What the task asks:
Only one stretch of the data should be retyped: the lines from the line containing "Селенит — разновидность" through the line containing "袋帯 逸品 牛首紬地 色紙 幾何学 金彩 灰色 全通 正絹". Keep pictures out of it.

Given entries:

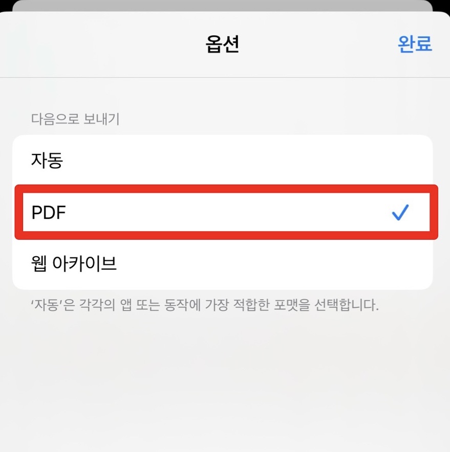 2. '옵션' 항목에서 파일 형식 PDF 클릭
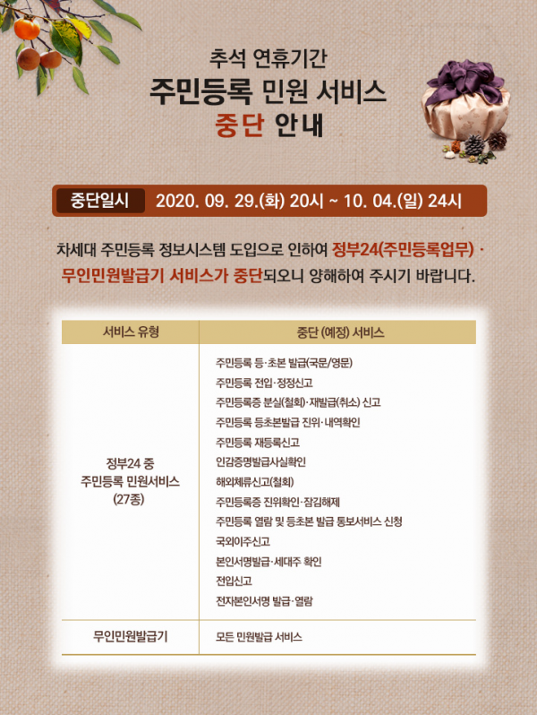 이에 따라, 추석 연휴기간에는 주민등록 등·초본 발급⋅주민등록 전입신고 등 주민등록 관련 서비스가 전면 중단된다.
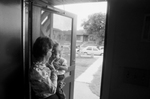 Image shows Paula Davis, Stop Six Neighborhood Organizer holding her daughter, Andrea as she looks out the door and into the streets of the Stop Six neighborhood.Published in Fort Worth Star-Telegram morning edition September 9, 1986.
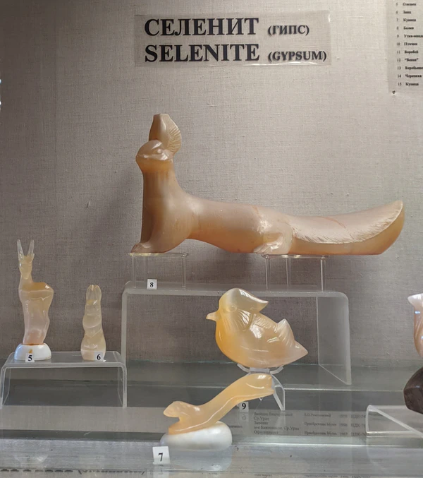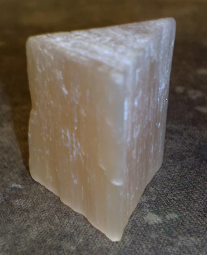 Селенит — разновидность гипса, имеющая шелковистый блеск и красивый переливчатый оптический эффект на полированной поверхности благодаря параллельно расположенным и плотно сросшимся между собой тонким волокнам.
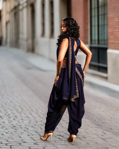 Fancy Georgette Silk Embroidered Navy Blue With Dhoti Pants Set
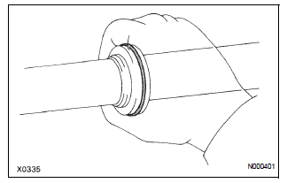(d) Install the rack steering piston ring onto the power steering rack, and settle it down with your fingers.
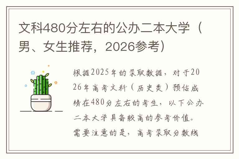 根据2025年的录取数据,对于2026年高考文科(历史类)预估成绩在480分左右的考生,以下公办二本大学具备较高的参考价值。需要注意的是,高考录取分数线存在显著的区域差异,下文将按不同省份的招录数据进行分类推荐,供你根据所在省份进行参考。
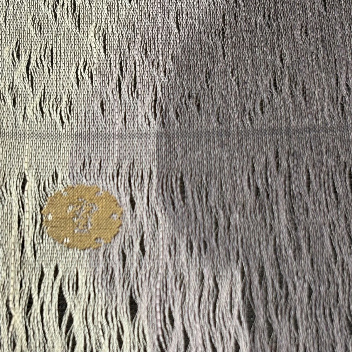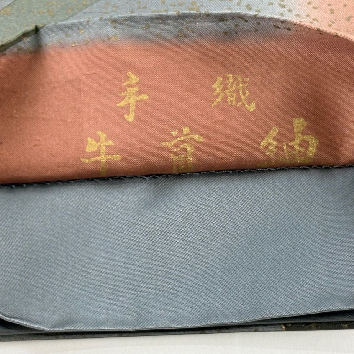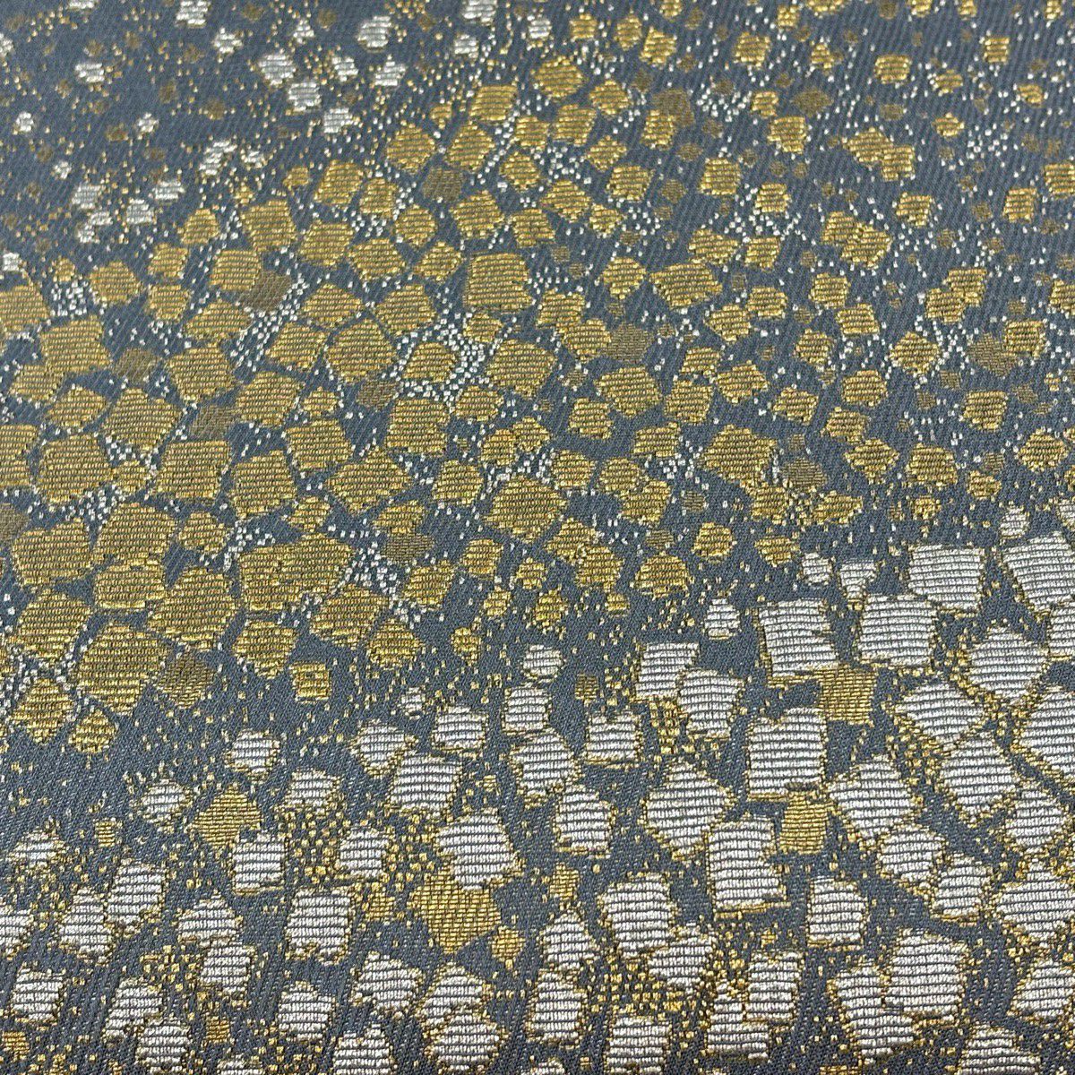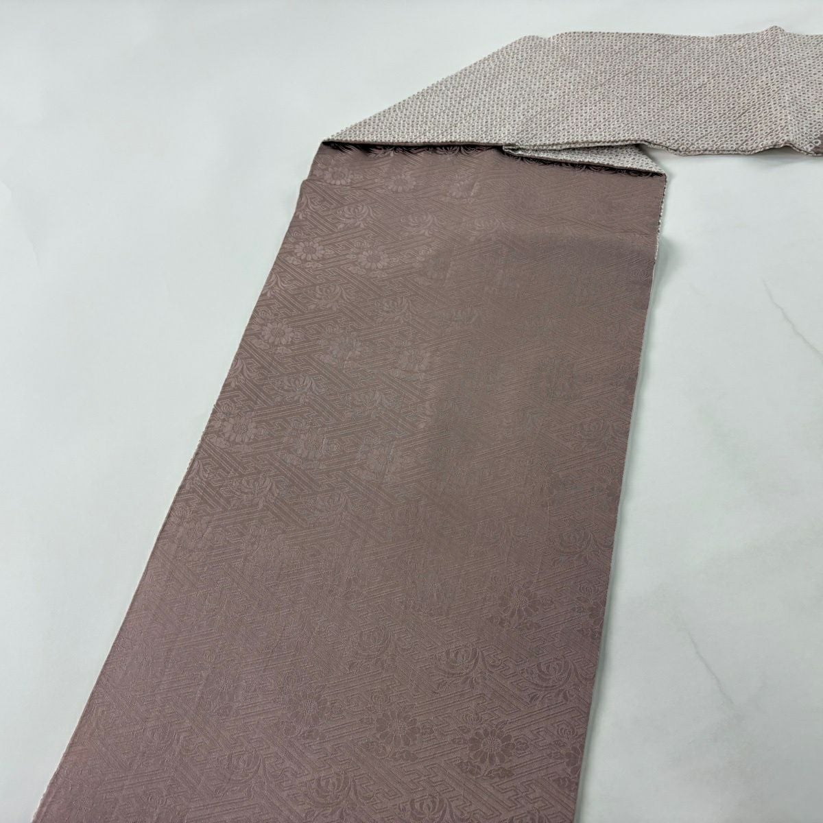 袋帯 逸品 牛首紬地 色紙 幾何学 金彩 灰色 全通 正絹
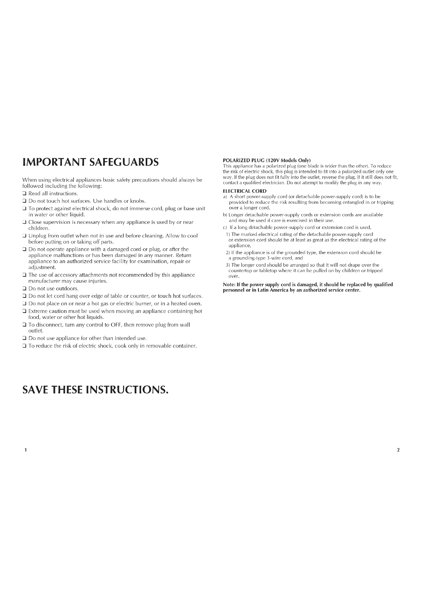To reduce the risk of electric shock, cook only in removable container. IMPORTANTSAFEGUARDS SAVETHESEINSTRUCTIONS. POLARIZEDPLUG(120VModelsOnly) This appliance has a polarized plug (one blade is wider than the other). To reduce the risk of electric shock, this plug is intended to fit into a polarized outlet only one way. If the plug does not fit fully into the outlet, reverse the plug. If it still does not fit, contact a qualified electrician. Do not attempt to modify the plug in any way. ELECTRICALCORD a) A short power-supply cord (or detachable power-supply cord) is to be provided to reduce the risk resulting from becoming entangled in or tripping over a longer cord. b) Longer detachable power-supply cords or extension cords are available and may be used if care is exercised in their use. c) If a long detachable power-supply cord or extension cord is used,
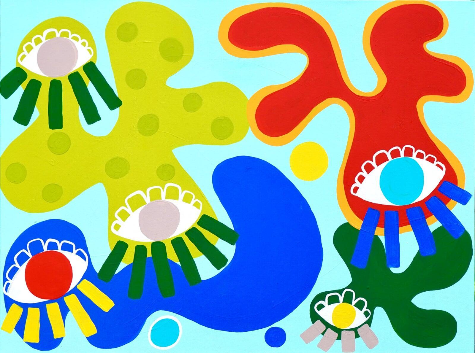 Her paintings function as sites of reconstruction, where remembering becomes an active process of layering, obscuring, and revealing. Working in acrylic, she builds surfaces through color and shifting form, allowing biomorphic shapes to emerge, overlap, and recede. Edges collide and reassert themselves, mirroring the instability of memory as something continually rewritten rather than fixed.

* * *

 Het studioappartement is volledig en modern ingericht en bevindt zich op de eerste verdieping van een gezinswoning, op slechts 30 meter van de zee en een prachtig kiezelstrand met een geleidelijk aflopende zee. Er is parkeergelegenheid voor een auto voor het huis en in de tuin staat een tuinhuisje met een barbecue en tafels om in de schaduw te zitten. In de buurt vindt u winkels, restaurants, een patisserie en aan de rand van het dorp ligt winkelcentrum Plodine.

Written answer:
 Селенит — разновидность гипса, имеющая шелковистый блеск и красивый переливчатый оптический эффект на полированной поверхности благодаря параллельно расположенным и плотно сросшимся между собой тонким волокнам.
 Fancy Georgette Silk Embroidered Navy Blue With Dhoti Pants Set
(d) Install the rack steering piston ring onto the power steering rack, and settle it down with your fingers.
 根据2025年的录取数据,对于2026年高考文科(历史类)预估成绩在480分左右的考生,以下公办二本大学具备较高的参考价值。需要注意的是,高考录取分数线存在显著的区域差异,下文将按不同省份的招录数据进行分类推荐,供你根据所在省份进行参考。
 袋帯 逸品 牛首紬地 色紙 幾何学 金彩 灰色 全通 正絹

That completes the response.